_WHAT IS BEING ASKED_. Taking the line with "Printed summer dress with sleeves" as the first and the line with "У новой модели" as the last, set down exactly every line in that range from the entries below, and no more.

**** DATA TO EXAMINE

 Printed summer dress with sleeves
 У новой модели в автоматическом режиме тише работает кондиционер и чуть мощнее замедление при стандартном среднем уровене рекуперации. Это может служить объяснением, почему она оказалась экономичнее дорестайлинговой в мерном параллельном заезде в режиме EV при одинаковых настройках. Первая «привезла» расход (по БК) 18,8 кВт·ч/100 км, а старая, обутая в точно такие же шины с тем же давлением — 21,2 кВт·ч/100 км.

********
**** DATA TO EXAMINE

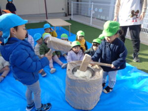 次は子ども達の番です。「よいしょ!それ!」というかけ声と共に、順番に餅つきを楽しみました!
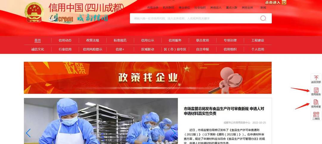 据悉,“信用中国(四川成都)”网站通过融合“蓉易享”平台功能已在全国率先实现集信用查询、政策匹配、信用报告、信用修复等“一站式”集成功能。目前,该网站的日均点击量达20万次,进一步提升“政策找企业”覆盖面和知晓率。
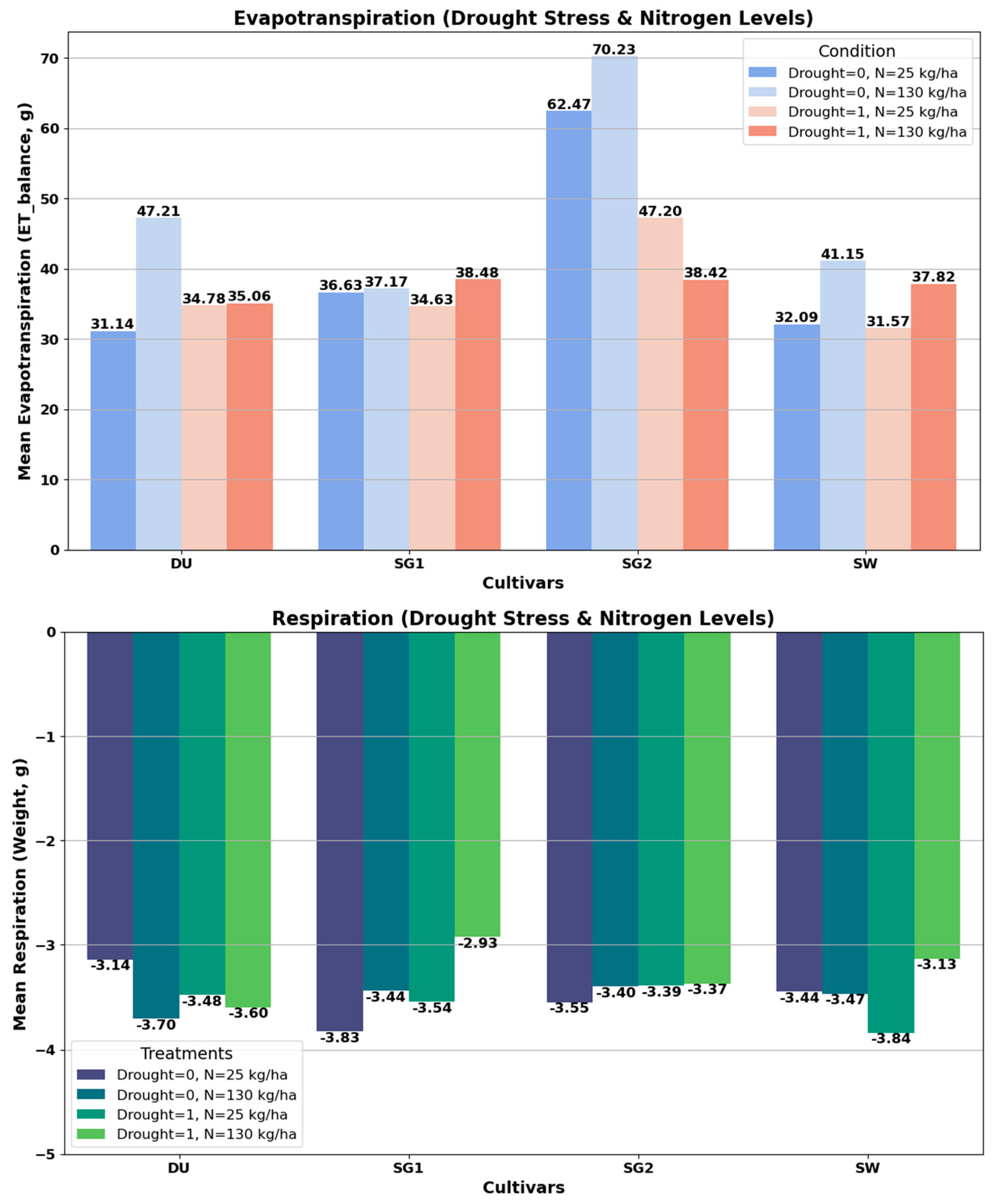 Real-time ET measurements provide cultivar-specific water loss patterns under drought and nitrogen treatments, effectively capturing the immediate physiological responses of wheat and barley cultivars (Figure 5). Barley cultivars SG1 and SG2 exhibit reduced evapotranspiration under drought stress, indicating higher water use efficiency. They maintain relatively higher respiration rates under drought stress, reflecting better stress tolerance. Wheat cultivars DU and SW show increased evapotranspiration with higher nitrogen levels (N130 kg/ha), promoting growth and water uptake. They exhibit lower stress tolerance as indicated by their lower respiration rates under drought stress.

********
**** DATA TO EXAMINE

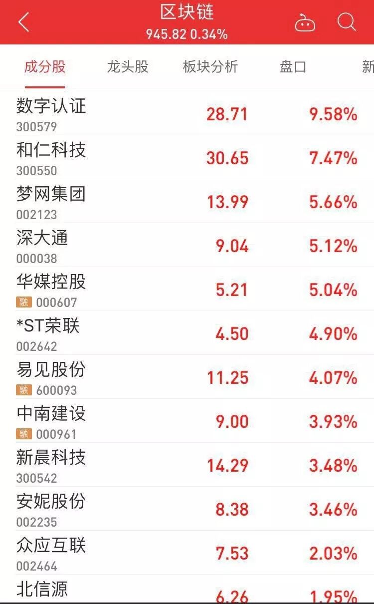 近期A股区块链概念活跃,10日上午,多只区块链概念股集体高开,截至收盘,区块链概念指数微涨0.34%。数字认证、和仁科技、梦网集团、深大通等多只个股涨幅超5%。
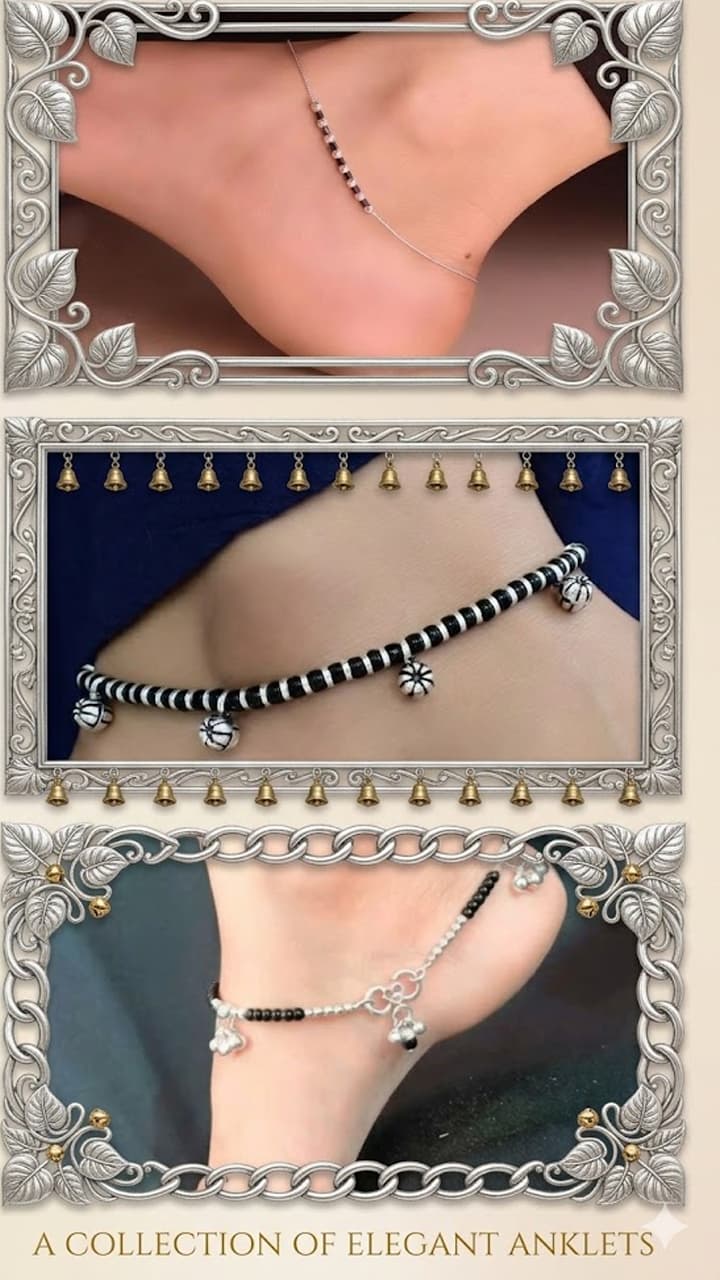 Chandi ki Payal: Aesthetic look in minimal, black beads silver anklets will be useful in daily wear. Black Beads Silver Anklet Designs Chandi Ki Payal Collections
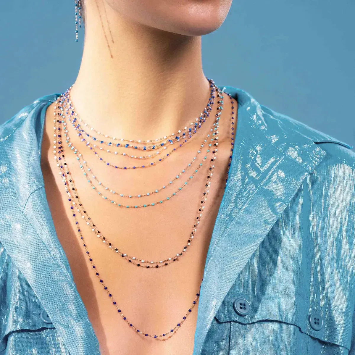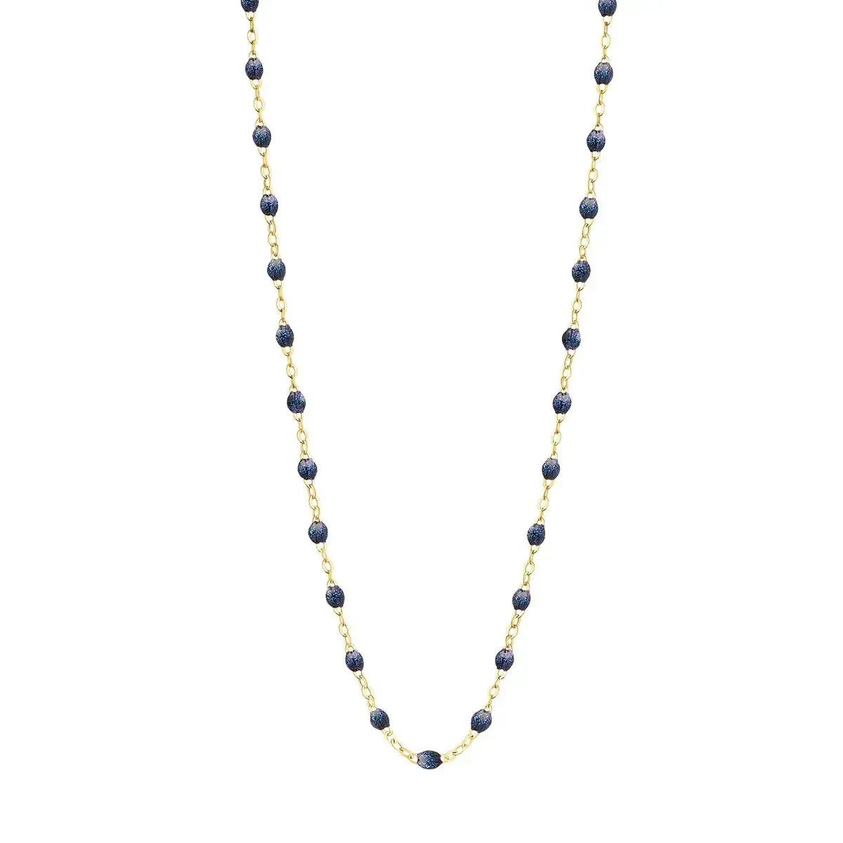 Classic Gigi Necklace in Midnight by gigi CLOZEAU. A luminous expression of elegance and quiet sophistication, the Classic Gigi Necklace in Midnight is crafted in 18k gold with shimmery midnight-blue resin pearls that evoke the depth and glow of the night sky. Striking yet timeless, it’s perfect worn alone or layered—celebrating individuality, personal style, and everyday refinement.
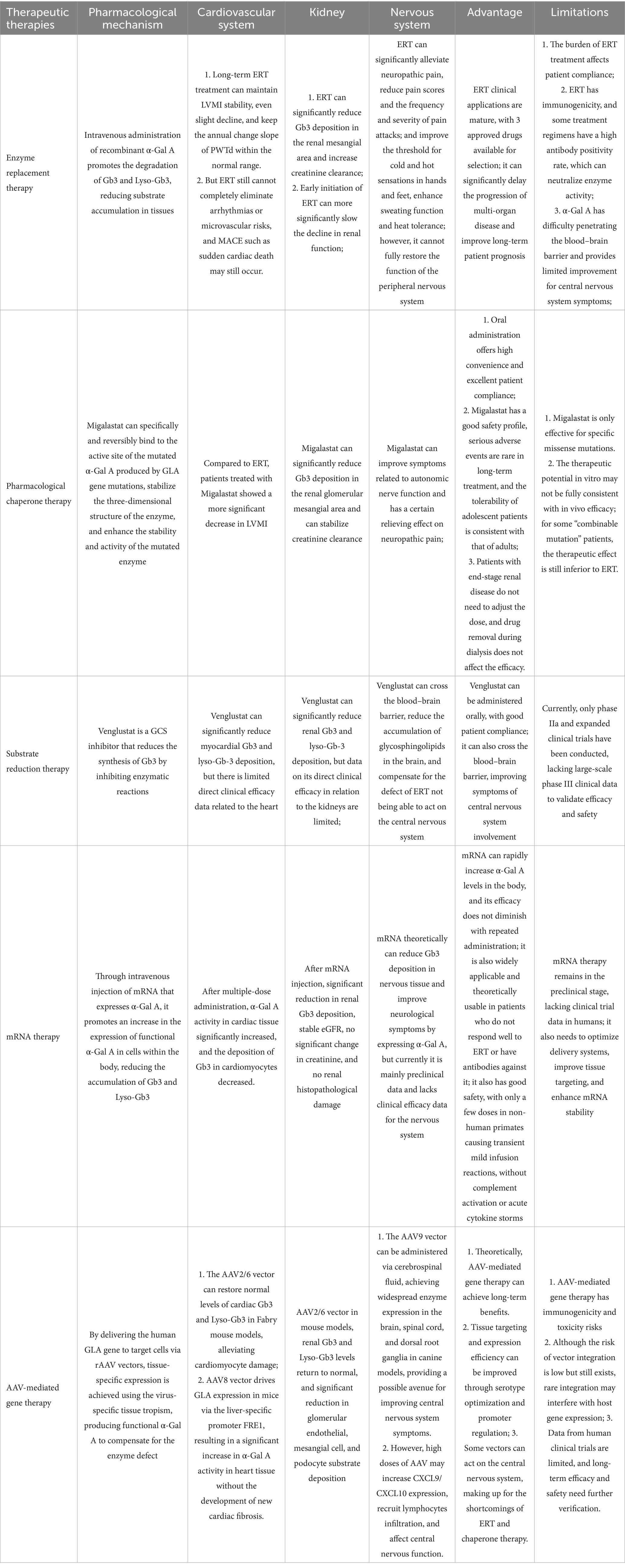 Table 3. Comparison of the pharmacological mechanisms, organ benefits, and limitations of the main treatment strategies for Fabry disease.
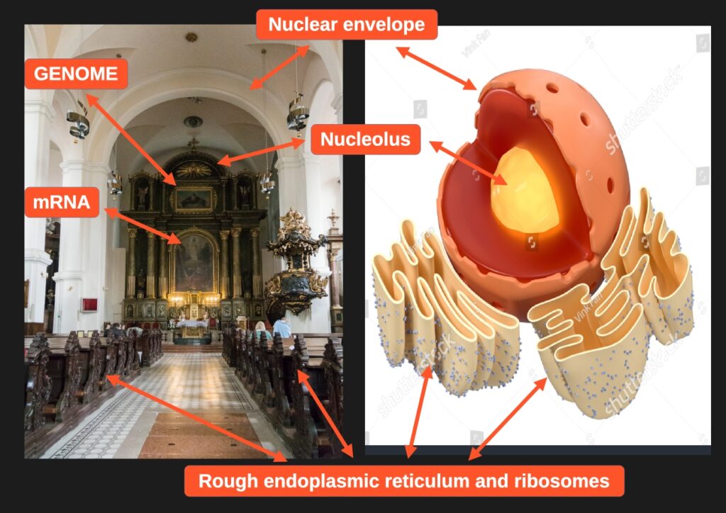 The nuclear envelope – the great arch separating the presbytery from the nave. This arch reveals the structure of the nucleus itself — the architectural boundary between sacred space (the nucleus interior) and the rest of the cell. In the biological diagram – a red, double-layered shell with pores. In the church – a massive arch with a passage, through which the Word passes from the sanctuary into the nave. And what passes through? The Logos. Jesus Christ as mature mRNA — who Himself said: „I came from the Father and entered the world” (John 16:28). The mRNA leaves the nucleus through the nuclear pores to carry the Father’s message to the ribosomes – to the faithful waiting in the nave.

********

_TASK ANSWER_.
 Printed summer dress with sleeves
 У новой модели в автоматическом режиме тише работает кондиционер и чуть мощнее замедление при стандартном среднем уровене рекуперации. Это может служить объяснением, почему она оказалась экономичнее дорестайлинговой в мерном параллельном заезде в режиме EV при одинаковых настройках. Первая «привезла» расход (по БК) 18,8 кВт·ч/100 км, а старая, обутая в точно такие же шины с тем же давлением — 21,2 кВт·ч/100 км.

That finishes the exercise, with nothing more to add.